Off the Deep End (70)
Being on the same page felt wonderful. It hadn’t felt like this between us in three years. Not since Isaac hit puberty. I’d forgotten what it felt like, but it only took a minute, and I immediately remembered how much I loved it. How much I loved him. Still. Even after all these years and buried underneath all the harsh feelings and resentments, there was an unshakable love between us. I took a moment to appreciate it before continuing.
“Maybe he’s going to call us soon, you know? Like he’ll reach out when he gets wherever he’s going or after he’s settled and things calm down. And then we can just let everyone know he’s all right.” What if this didn’t have to end in another tragedy? Tears filled my eyes at the prospect.
“The way I figure, everyone will be so happy when he shows up that they’ll all just be grateful he’s alive and okay.” He said like it was a sure thing, and I so desperately wanted to believe that’s how this would play itself out. He did too. His hope was written all over him.

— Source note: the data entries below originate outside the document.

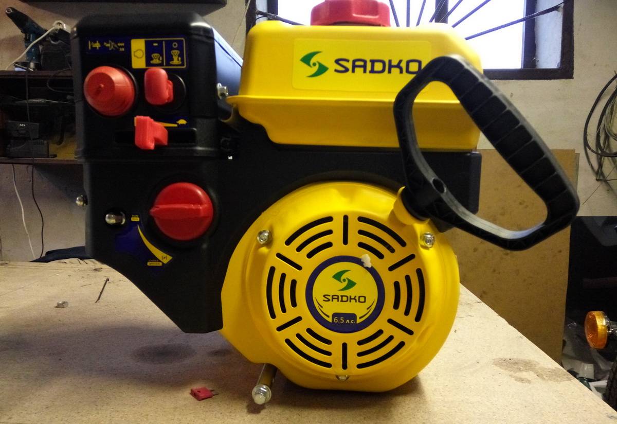 Неплохой вариант получается из установки на данный мотоблок двигателя SadkoDE-220, мощность которого составляет порядка 4,2 л.с. Диаметр вала составляет 19 мм, запускается при помощи шнура.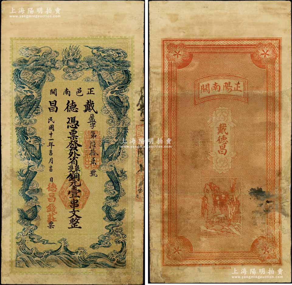 民国十一年(1922年)戴德昌·凭票发外省单双铜元壹串文,河南正阳县钱庄钞票,上印双龙戏珠图;白尔文先生藏品,罕见,有修补,七五成新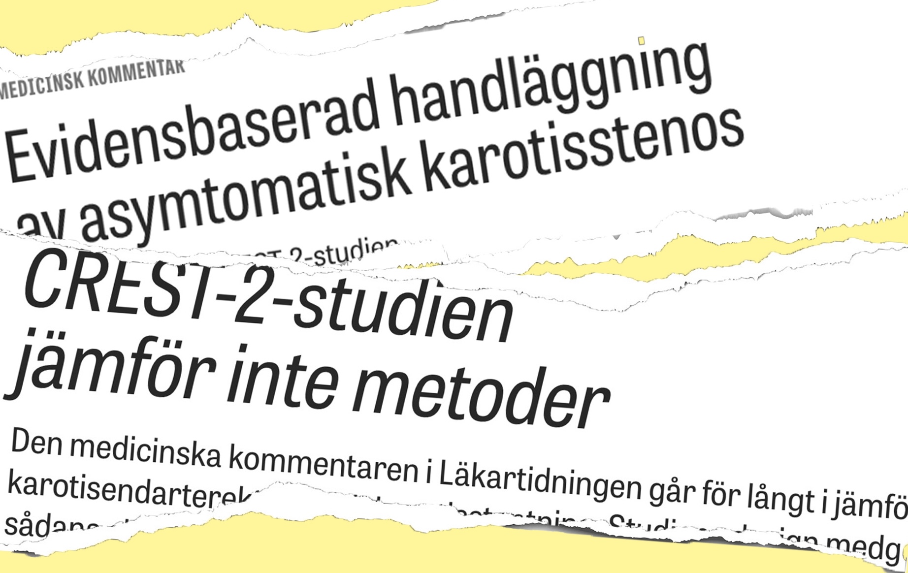 I den medicinska kommentaren »Evidensbaserad handläggning av asymtomatisk karotisstenos« ges en välkommen genomgång av studien CREST-2 (Carotid revascularization and medical management for asymptomatic carotid stenosis trial) [1]. Vi delar uppfattningen att bästa moderna medicinska behandling är effektiv och ska utgöra basen i behandlingen. Däremot drar författarna längre slutsatser än vad studiens design och data medger, särskilt i en svensk kontext.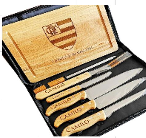 KIT PARA CHURRASCO CONTENDO 4 FACAS EM ACO INOX COM CABO EM MADEIRA, 1 GARFO DE ASSADO EM ACO INOX COM CABO E MADEIRA, 1 CHAIRA EM ACO INOX COM CABO EM MADEIRA E 1 TABUA EM MADEIRA
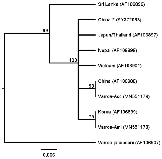 Phylogenetic analysis of CO-I gene nucleotide sequences from different Varroa destructor haplotypes. Varroa-Acc and Varroa-Aml stand for the CO-I gene sequences of Acc and Aml derived Varroa mites, respectively, and CO-I gene sequences of seven known V. destructor haplotypes and one V. jacobsoni haplotype are included (the GenBank accession number are associated). Among them, V. destructor mites of Sri Lanka, China, China 2, Nepal, and Vietnam haplotypes were sampled from A. cerana, while V. destructor mites of Korea and Japan/Thailand haplotypes were collected from both A. cerana and A. mellifera [10,15]. Bootstrap values (100 replicates) are displayed by the nodes. The genetic distance is drawn to scale. The phylogenetic analysis suggests that the Varroa mites collected in the current are either China haplotype (Acc derived) or Korea haplotype (Aml derived).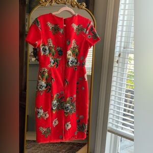 Black Halo Vibrant Red Floral Jodie Sheath Midi Dress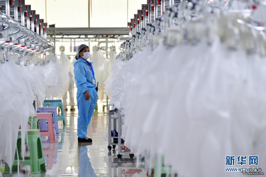 在甘肅臨夏回族自治州積石山縣,依托東西部扶貧協作平臺引進的服裝加工企業甘肅拓奇扶貧車間的員工在服裝加工生產線上作業(2020年8月9日攝)。新華社記者 陳斌 攝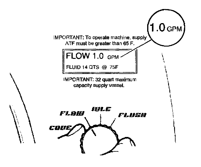 1. Turn the main function switch to the FLOW position and allow the oil to flow for 15 seconds. Observe and note the flow rate; this is the TESTED flow rate.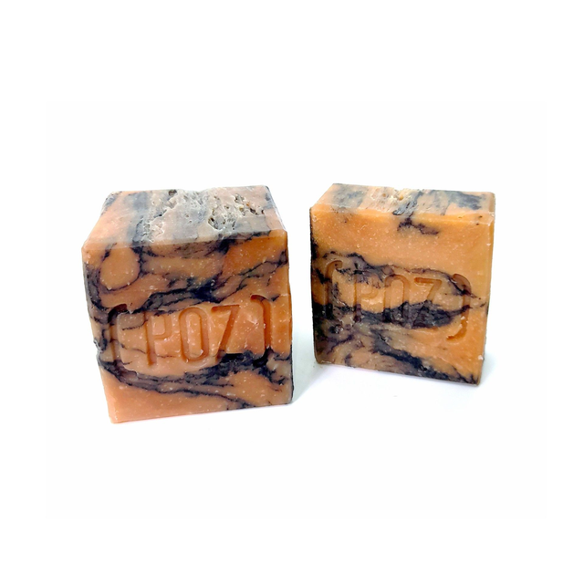 Ingrédients INCI : Olea europaea fruit oil*, Coco nucifera oil*, Aqua, Theobroma cacao seed butter*, Sodium hydroxyde, Sodium chloride°, lac*°, helianthus annuus oil*°, fragrance, koalin, charcoal powder, benzyl cinnamate, coumarin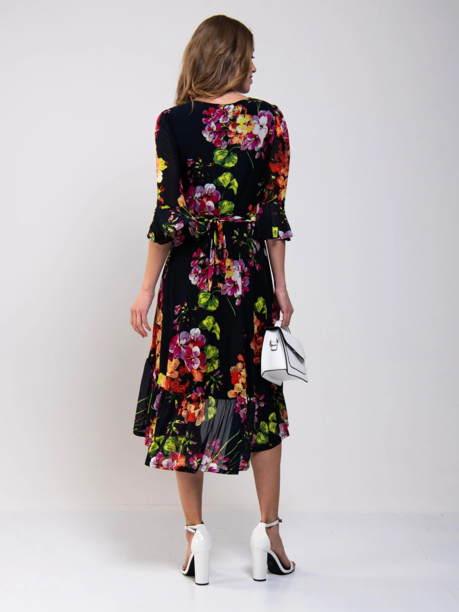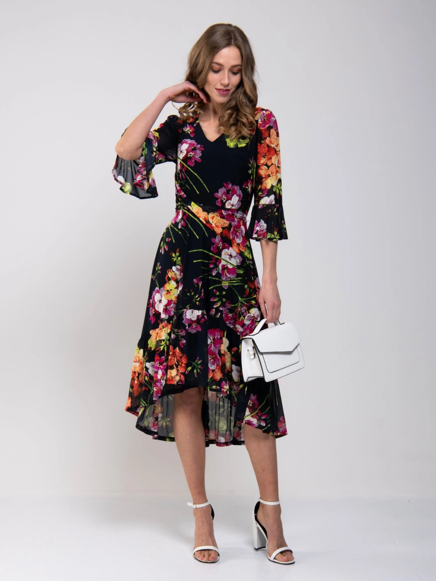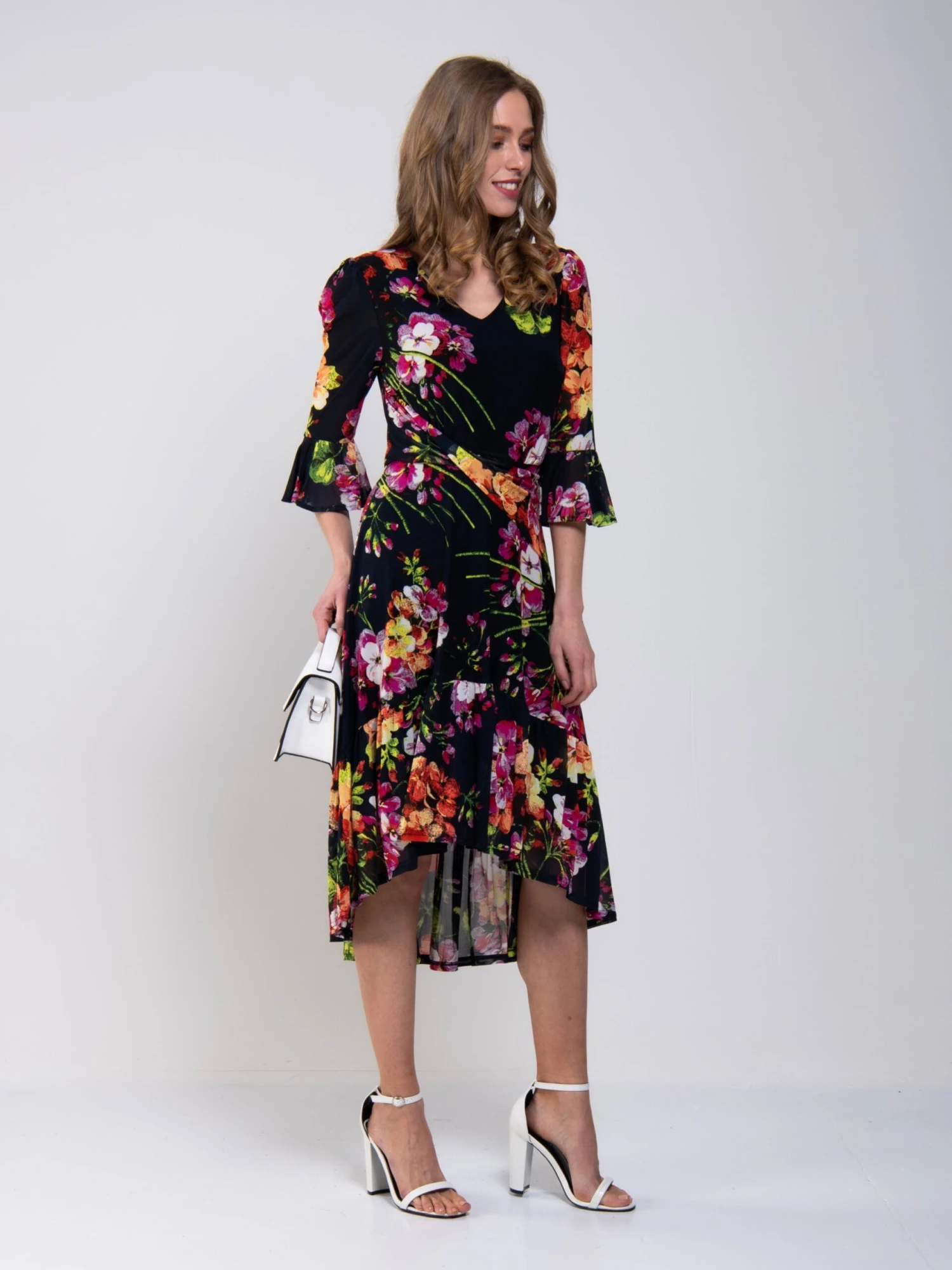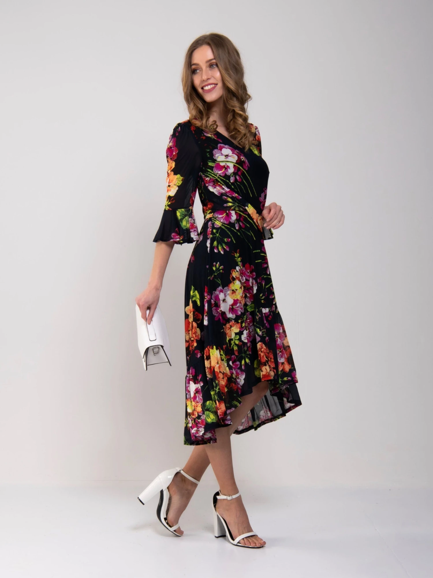 A flattering and striking design with a high-low hem, this dress from Jolie Moi is crafted from sheer mesh fabric with a vibrant floral print. It features a V neckline with asymmetrical fold crossing the waist while the fluid, flared high low skirt is designed to flatter your silhouette. Beautifully draping flute sleeves add in a truly eye-catching finish. Â

Faking your own kidnapping was a pretty brutal thing to put your loved ones through, but Isaac might not have felt like he had any other choice. Teenagers couldn’t see beyond the moment they were in and had no idea that the only thing constant about life was that it changed. Isaac didn’t know things would’ve changed eventually and all this would’ve passed. There was so much life ahead of him, but he didn’t know that, and it was heartbreaking.
“This is so hard,” I said because I didn’t know what else to say.
“I know,” he said. His eyes were filled with tears too. Something about acknowledging the pain and how hard it was made it feel like for the first time in all this, we were in it together instead of on separate islands. “Here’s the next question.” Mark dropped his voice low again.
“What’s that?”
“Do we tell the police?” He pointed below us.
That wasn’t the next question. Not yet. There was one more thing we needed to discuss before we did anything else.
“There’s something that I haven’t told you that you need to know.” This was it. There was never going to be a good time. I just had to tell him.
His head snapped up. Instant mood shift. “God, Amber. I’m not sure if I can handle anything else today. I really don’t.”
“I don’t know if it’s related. It might be or it might not be, but we’re spilling all of our secrets today, so it’s only fair that I tell you mine.” He gripped the chair. His body stiffened in preparation for news I wasn’t sure either of us could handle on top of what we’d already been through, but our newfound togetherness propelled me forward. “Do you remember when Isaac had those irregularities that showed up on one of his EKGs?” He nodded. Of course he remembered. He’d been terrified there was something wrong with Isaac’s heart. His best friend had died from an undiagnosed heart condition during a track meet their senior year of high school, so he was especially sensitive to it. “The reason his heart was acting funny was because two days before we went to the pediatrician, he overdosed on his Celexa medication. He got horribly ill. He had violent diarrhea and had a terrible headache coupled with chest pains. He just thought the chest pains were anxiety until we went to the doctor.”
“When you say overdosed, what do you mean?”
“He took too many of his pills.”
“Why did he take too many pills?”
“Why do you think, Mark?” Why was he making me spell it out for him? This was hard enough as it was without having to give him a play-by-play account.
“There are lots of reasons he could’ve taken too many pills.”
I raised my eyebrows at him. “Name one.”
“He could’ve taken too much because he was trying to get high. I would’ve done something like that when I was a teenager if I was trying to get messed up. Maybe that’s all that it is.” He looked relieved, but I wasn’t sure him trying to get high was all that much better. Either way, he was still trying to kill himself. One was just faster. “Why didn’t you tell me?”
“For the same reason you didn’t tell me: I didn’t want to worry you any more if I didn’t need to. There was already so much going on, and things were already so hard.” And like him, I leave out the real reason. The one we probably didn’t even admit to ourselves—I didn’t want it to be true. I wanted to pretend like it never happened. That was the truth. But there was no more pretending. This was happening. All of it.
TWENTY-ONE
AMBER GREER
Day fourteen.
Everything had shifted in the last twenty-four hours. Nothing was the same. You felt it in the house, from the thickness in the air to the way nobody made full eye contact with anyone else anymore. The house was so quiet. It had thrummed with a baseline level of activity for thirteen days. All that was gone.
We were all waiting, just like we’d been the night Isaac had gone missing. Each minute had crawled, and I’d wanted to jump out of my skin. The more hours that passed, the more it had taken away the possibility that something bad hadn’t happened to him. Up until eleven o’clock that night, there had still been hope that despite what it looked like, Isaac could come walking through the door at any minute. Duke got away from him all the time. He got away from all of us. Unlike those other boys, there were plenty of instances over the last decade where the two of them left together and came home separately. Duke was an escape artist. It was his favorite game to play, and he took off any chance that he got. So we’d waited and hoped. Just like we were doing now.